:: MATERIAL SUPPLIED

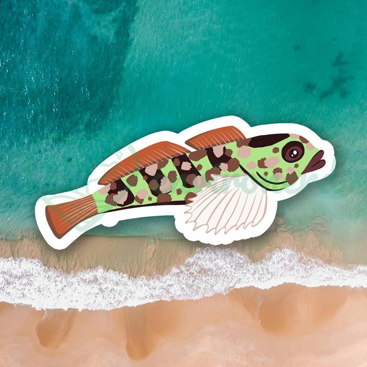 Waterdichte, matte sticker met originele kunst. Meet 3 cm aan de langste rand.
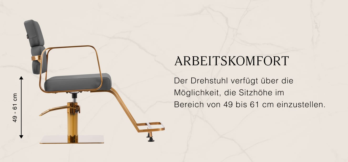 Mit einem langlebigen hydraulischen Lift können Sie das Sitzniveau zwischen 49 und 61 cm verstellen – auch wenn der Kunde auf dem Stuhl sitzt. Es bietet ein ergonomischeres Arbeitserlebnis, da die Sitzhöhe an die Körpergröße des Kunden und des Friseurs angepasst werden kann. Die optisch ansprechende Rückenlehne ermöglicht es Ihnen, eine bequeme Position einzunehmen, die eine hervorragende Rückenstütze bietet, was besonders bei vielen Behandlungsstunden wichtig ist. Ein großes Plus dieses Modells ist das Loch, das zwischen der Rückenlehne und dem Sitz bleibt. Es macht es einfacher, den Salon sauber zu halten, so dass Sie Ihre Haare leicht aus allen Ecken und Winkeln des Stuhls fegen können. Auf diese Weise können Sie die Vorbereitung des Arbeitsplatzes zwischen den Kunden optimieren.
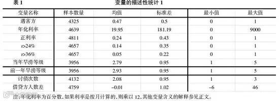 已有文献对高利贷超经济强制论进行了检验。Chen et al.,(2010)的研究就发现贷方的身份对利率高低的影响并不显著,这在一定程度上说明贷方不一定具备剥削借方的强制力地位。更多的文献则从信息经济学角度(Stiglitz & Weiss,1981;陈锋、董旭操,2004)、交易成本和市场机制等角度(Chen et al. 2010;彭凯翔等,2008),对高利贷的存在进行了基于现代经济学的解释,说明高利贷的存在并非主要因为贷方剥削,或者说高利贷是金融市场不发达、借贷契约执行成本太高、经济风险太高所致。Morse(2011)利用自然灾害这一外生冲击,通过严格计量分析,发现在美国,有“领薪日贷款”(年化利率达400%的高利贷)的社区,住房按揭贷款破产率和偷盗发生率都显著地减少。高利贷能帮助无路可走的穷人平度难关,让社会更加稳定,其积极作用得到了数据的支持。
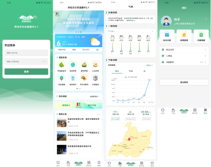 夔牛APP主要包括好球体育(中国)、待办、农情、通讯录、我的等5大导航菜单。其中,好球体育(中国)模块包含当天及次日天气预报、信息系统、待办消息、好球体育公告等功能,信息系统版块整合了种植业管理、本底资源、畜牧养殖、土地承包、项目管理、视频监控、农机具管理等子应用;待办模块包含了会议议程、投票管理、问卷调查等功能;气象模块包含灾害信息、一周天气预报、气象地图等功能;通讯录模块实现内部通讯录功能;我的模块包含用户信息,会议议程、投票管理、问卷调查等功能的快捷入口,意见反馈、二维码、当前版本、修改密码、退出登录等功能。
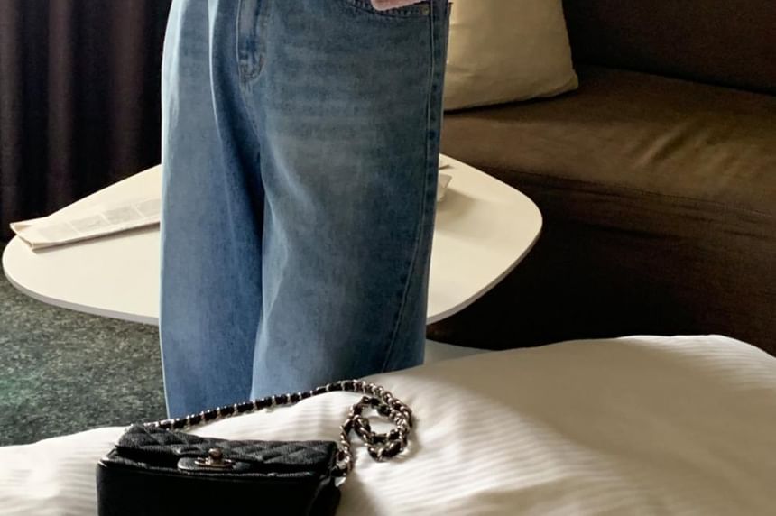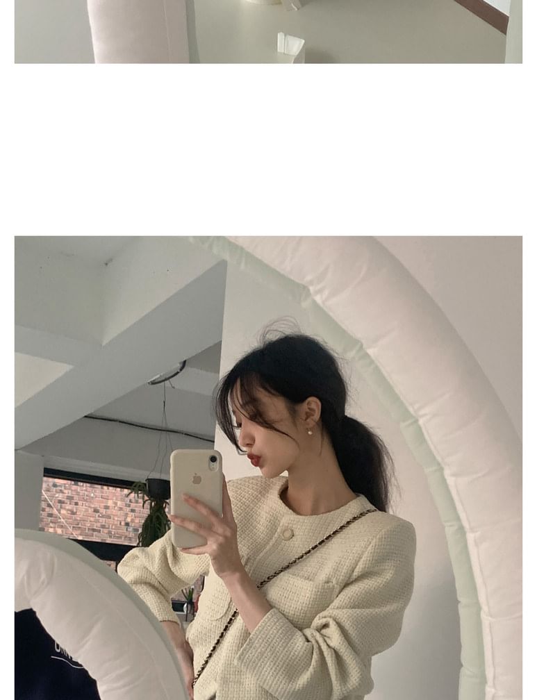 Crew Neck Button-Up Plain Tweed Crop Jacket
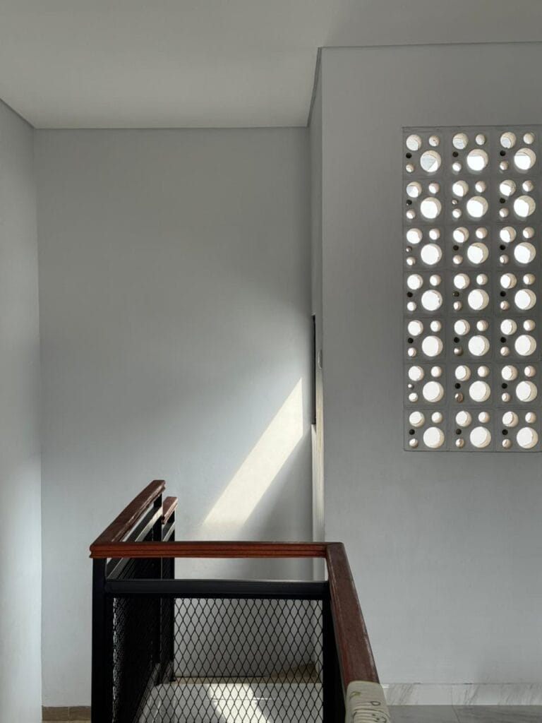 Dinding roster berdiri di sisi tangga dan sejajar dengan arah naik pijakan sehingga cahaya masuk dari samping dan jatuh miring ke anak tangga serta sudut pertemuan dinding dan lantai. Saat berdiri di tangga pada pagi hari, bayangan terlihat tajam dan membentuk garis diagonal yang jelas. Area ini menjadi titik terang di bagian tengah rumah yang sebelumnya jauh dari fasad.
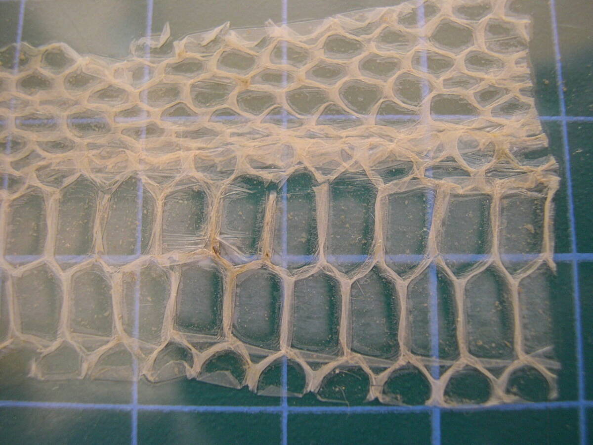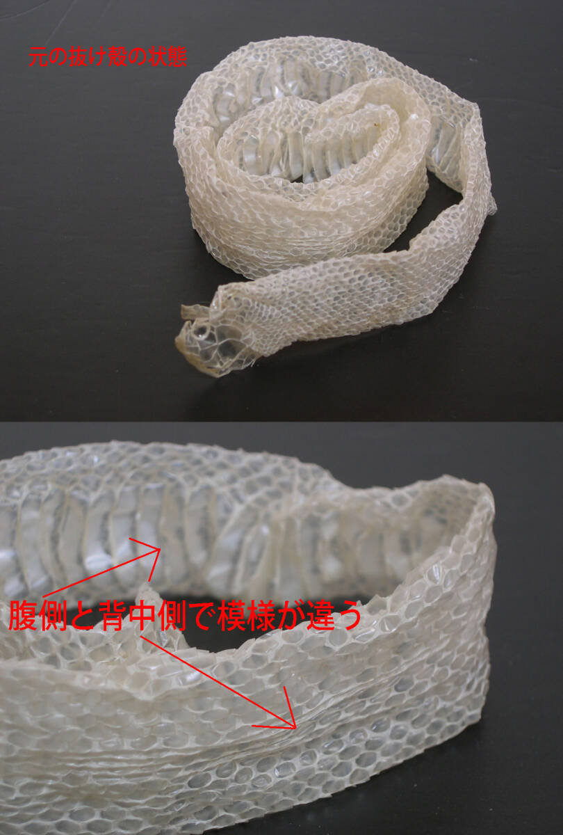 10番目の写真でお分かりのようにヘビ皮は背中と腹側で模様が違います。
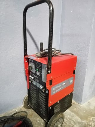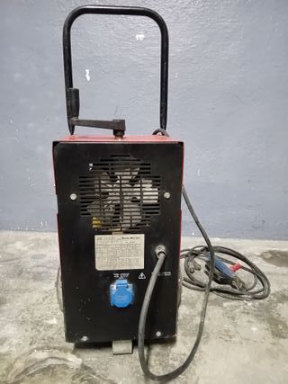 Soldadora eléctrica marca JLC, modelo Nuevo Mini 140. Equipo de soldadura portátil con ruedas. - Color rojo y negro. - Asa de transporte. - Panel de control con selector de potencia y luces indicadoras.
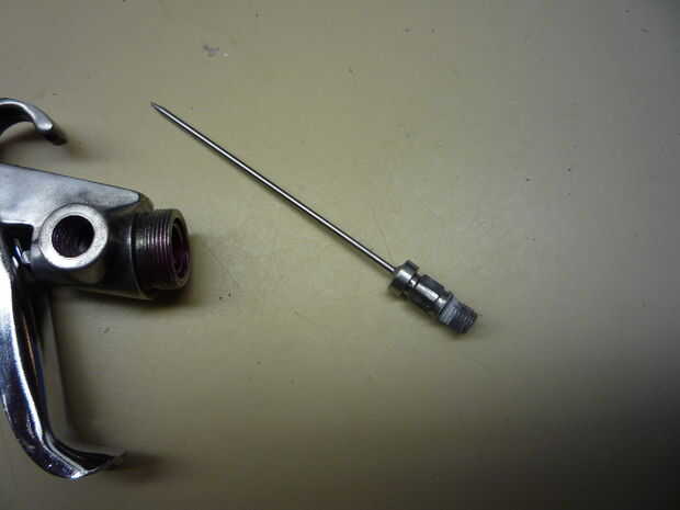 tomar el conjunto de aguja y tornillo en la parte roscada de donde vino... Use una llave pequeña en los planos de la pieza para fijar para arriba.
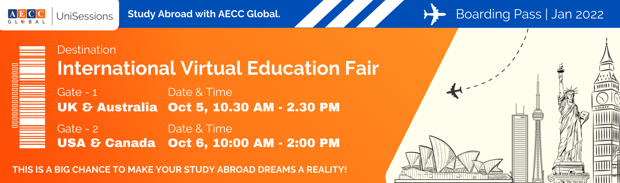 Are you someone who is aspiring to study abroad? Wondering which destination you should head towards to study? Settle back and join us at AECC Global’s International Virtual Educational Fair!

::::

▶ **YOUR TASK**
Copy everything above from the line holding "Soldadora eléctrica marca" down to the line holding "tomar el conjunto", both ends included, exactly as it stands and without the pictures.

▶ **TASK RESPONSE**
 Soldadora eléctrica marca JLC, modelo Nuevo Mini 140. Equipo de soldadura portátil con ruedas. - Color rojo y negro. - Asa de transporte. - Panel de control con selector de potencia y luces indicadoras.
 tomar el conjunto de aguja y tornillo en la parte roscada de donde vino... Use una llave pequeña en los planos de la pieza para fijar para arriba.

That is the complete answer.